Above we see a normal candle chart with price action. We can all look at this chart and say "Oh look at that big bearish candle everyone is short here!". Shall I sell too? The market definitely has room to fall further I see it all the time. But…… We also often see that such a large bearish candle can be followed by an equally large bullish candle. Haven't we all seen it before? But until you look at the next component, volume, you can't judge how strong the move is and more importantly who is behind the move.

Chart Image 2

Here we have a down candle followed by a large up candle followed by another down candle. If we look at that first down candle we can say that the sellers were in control which was not entirely wrong but why did the market immediately turn the other way? It just did a complete 180 degree turn and even took out the high of the red down bar. Market rotations like this happen quite regularly and we will certainly see more often.

Chart Image 3

We know that the market moves because of changes in Supply and Demand, of course we all know that. And when there is more buying than selling, prices go up. And when there are more sellers than buyers, prices go down. This all sounds very simple of course, but it is a lot more complex than that in reality of course. Markets move up because there are no big sellers taking profits.

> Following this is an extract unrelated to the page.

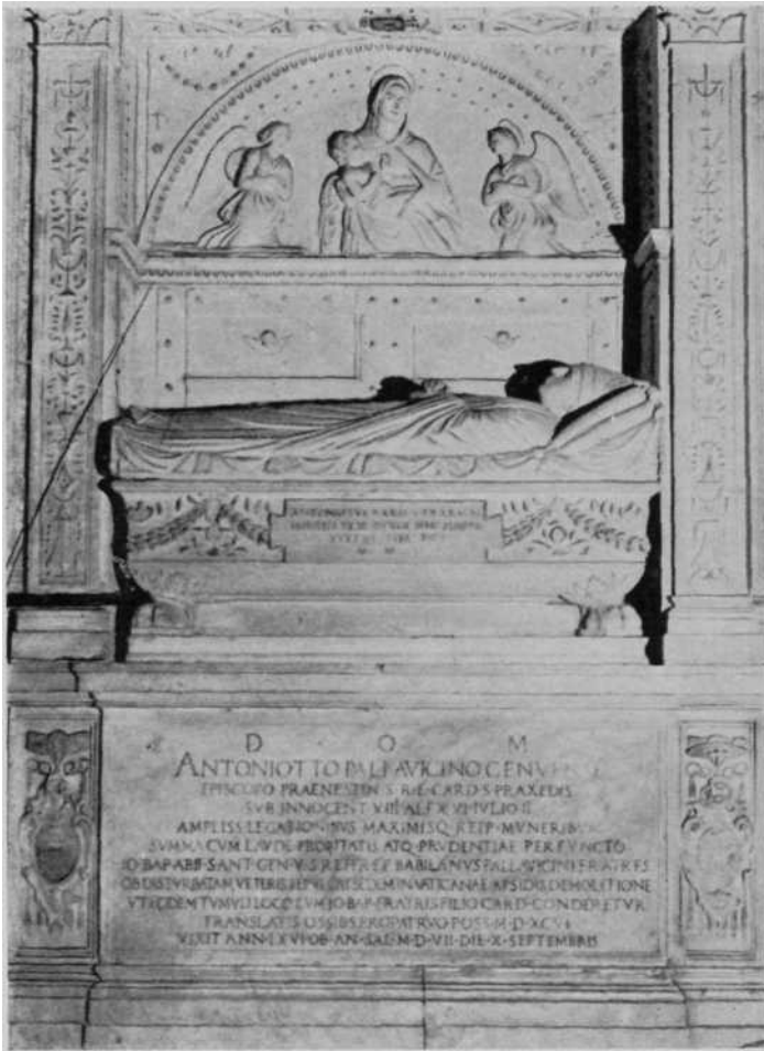
Sepulcro del Cardenal - Obispo de Pamplona Antoniotto Pallavicini en Santa María del Popolo en Roma.

The major buying should have already occurred early in the move by institutions. So until institutions start selling their positions out, the market keeps going higher. If institutional players are still expecting higher prices they will absorb selling that comes into the market. They don't just buy to support the market but they buy to make sure all the supply at these lower levels is gone.

They don't just buy to support the market but they buy to make sure all the supply at these lower levels is gone. The price can go down not only because there are more sellers than buyers, but also, for example, because too little is bought to support the market on its way down. In a bearish market there is very little to hold up the market in terms of bids, as a result prices drop.

Prices go up until:

  1. Buyers become unwilling to buy.
  2. Buyers run out of buying power.
  3. Buyers are overwhelmed by sellers.

Prices go down until:

  1. Sellers become unwilling to sell.
  2. Sellers run out of inventory.
  3. Sellers are overwhelmed by buyers.

We as traders include what activity sets the price in the movable market. I mean if sellers are busy with bids and clearing them your position can be run over very quickly. Especially since we don't know who else is selling there. You therefore have to make the choice whether you want to be a buyer in a market that is falling? Or better a seller? Do you see what I'm saying with this? Only an order flow chart can give a trader the insight into why the market turned around.